-- Data in this exercise follows --

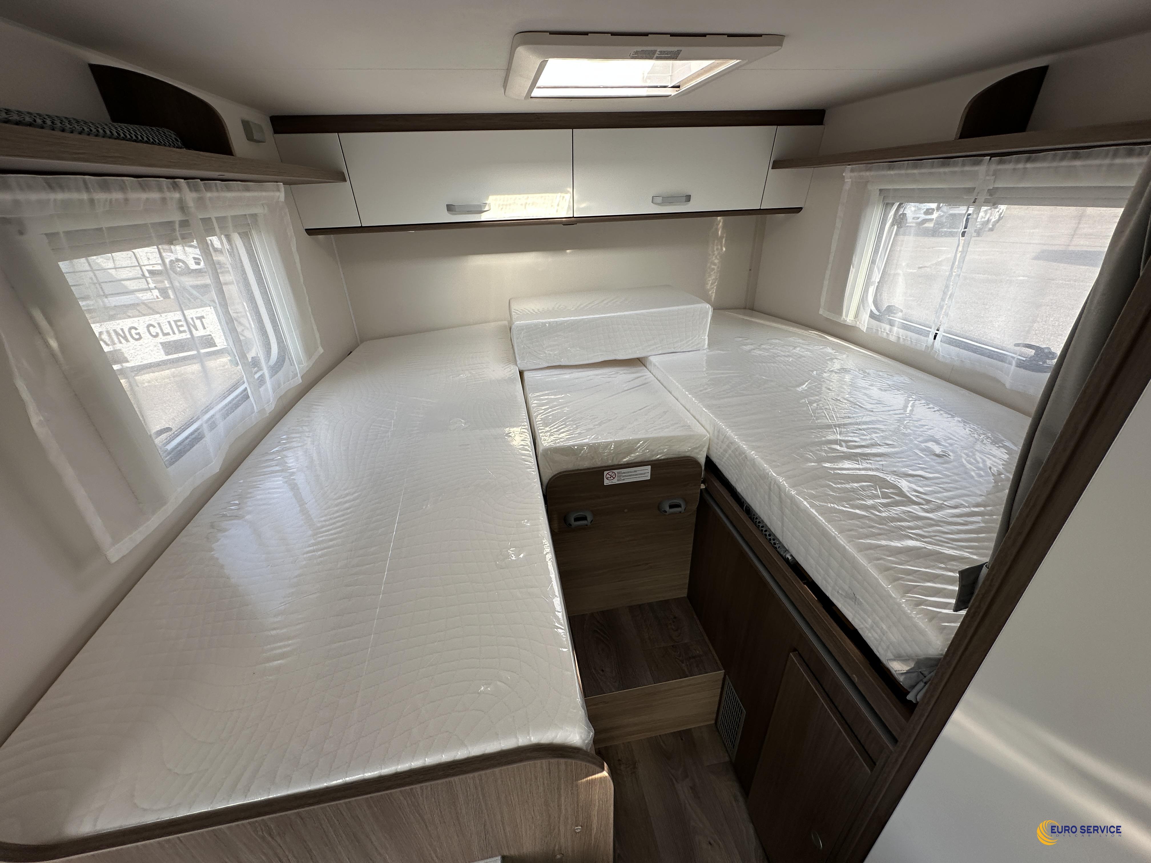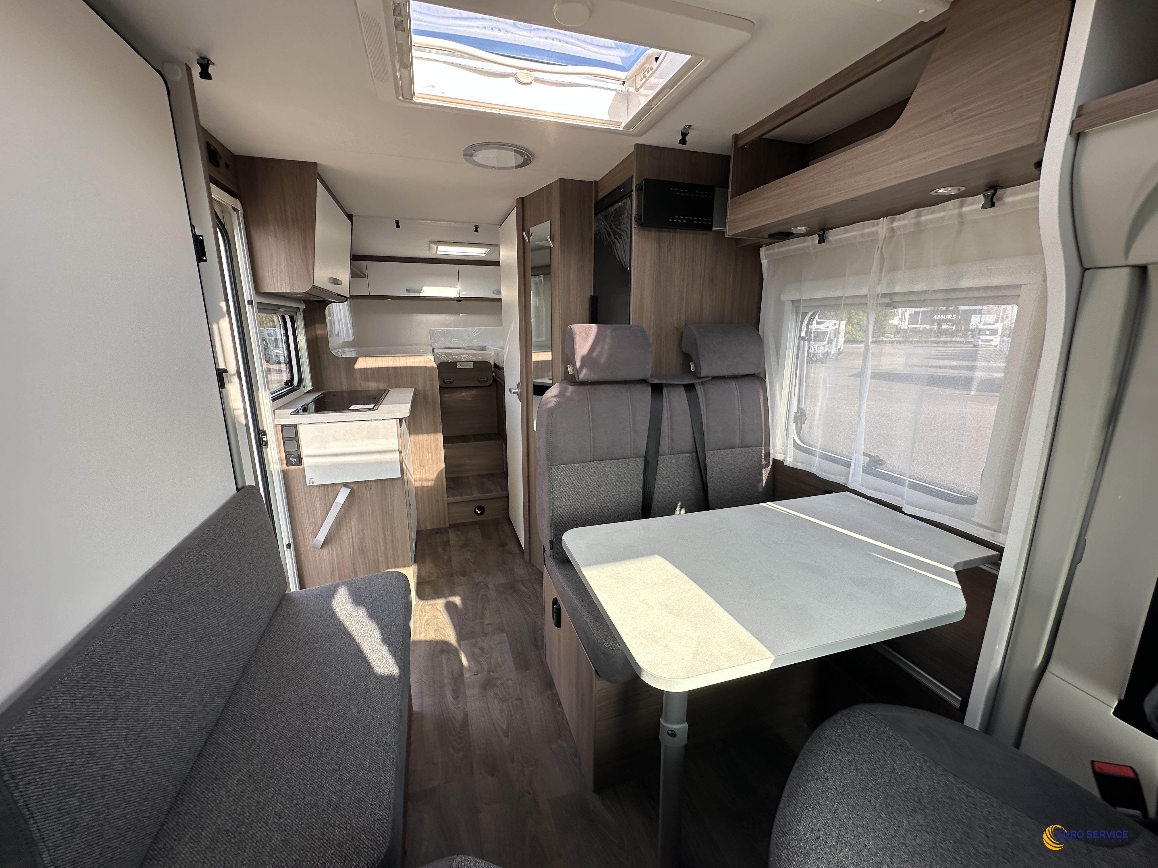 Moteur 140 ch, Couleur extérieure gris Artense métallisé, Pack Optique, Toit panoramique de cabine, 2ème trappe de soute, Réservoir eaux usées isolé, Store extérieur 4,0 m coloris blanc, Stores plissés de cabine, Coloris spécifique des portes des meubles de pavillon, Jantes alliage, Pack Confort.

-- Data in this exercise concluded --
-- Data in this exercise follows --

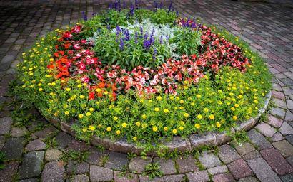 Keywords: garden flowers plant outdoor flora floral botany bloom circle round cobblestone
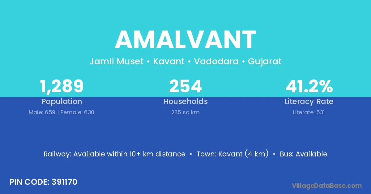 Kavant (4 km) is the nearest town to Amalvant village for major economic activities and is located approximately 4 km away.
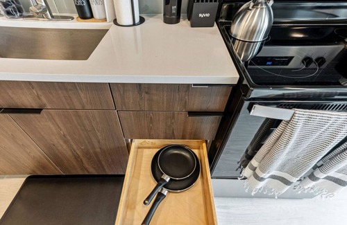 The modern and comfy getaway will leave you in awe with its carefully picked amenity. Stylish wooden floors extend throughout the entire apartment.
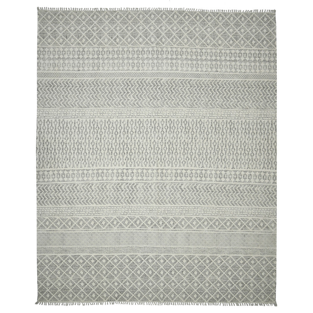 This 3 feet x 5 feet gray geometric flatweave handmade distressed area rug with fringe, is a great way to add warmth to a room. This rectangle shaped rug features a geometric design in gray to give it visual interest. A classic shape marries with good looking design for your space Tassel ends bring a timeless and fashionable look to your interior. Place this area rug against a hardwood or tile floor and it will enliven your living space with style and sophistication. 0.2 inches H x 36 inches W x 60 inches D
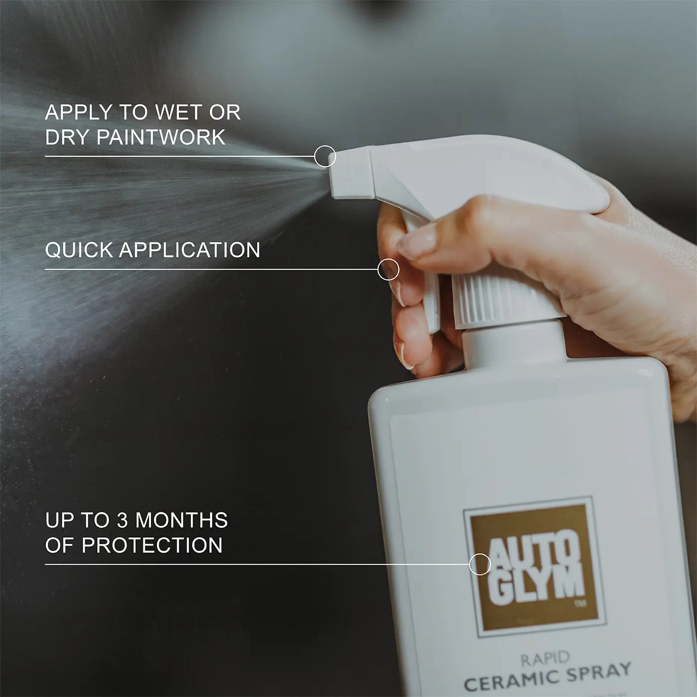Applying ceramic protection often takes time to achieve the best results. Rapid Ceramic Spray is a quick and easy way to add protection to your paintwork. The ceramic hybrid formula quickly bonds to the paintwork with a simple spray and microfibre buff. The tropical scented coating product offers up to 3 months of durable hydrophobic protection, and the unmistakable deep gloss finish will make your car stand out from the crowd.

-- Data in this exercise concluded --

Requirement
Of the lines above, quote exactly those from the one with "Kavant (4 km)" through the one with "The modern and", ends included; pictures stay out.

Answer to the problem
 Kavant (4 km) is the nearest town to Amalvant village for major economic activities and is located approximately 4 km away.
 The modern and comfy getaway will leave you in awe with its carefully picked amenity. Stylish wooden floors extend throughout the entire apartment.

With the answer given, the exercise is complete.